Try it: Exactly the lines below, starting with the one containing "IBM System/370 Planning, Control, and" and going on through the one containing "Westside new construction", must be reproduced, both ends included, and no pictures with them.

Data listing:
↓

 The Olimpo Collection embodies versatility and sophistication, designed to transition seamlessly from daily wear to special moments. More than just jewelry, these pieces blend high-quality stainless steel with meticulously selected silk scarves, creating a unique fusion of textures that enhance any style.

↑
↓

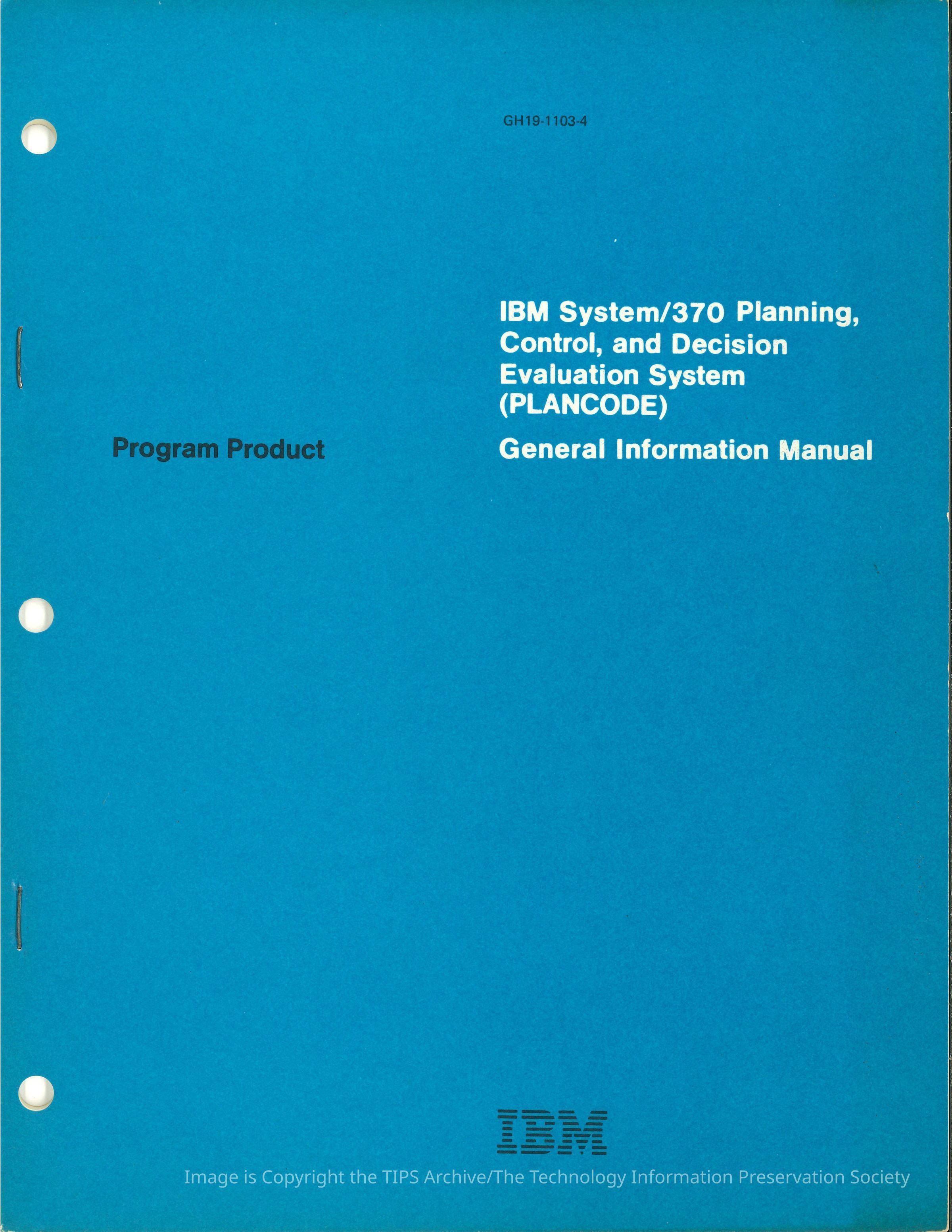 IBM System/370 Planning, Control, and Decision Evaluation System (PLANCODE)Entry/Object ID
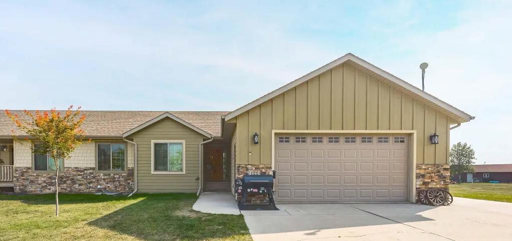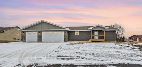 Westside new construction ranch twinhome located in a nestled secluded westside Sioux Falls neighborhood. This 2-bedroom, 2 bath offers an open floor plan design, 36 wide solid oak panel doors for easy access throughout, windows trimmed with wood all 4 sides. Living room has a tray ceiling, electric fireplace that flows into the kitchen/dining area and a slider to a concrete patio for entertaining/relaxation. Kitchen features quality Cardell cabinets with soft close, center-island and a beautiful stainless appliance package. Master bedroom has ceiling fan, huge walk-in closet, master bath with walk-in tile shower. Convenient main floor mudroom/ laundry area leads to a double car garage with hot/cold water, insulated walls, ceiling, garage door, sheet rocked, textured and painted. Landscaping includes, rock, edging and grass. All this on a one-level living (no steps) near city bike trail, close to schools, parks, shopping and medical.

↑

Solution to the problem:
 IBM System/370 Planning, Control, and Decision Evaluation System (PLANCODE)Entry/Object ID
 Westside new construction ranch twinhome located in a nestled secluded westside Sioux Falls neighborhood. This 2-bedroom, 2 bath offers an open floor plan design, 36 wide solid oak panel doors for easy access throughout, windows trimmed with wood all 4 sides. Living room has a tray ceiling, electric fireplace that flows into the kitchen/dining area and a slider to a concrete patio for entertaining/relaxation. Kitchen features quality Cardell cabinets with soft close, center-island and a beautiful stainless appliance package. Master bedroom has ceiling fan, huge walk-in closet, master bath with walk-in tile shower. Convenient main floor mudroom/ laundry area leads to a double car garage with hot/cold water, insulated walls, ceiling, garage door, sheet rocked, textured and painted. Landscaping includes, rock, edging and grass. All this on a one-level living (no steps) near city bike trail, close to schools, parks, shopping and medical.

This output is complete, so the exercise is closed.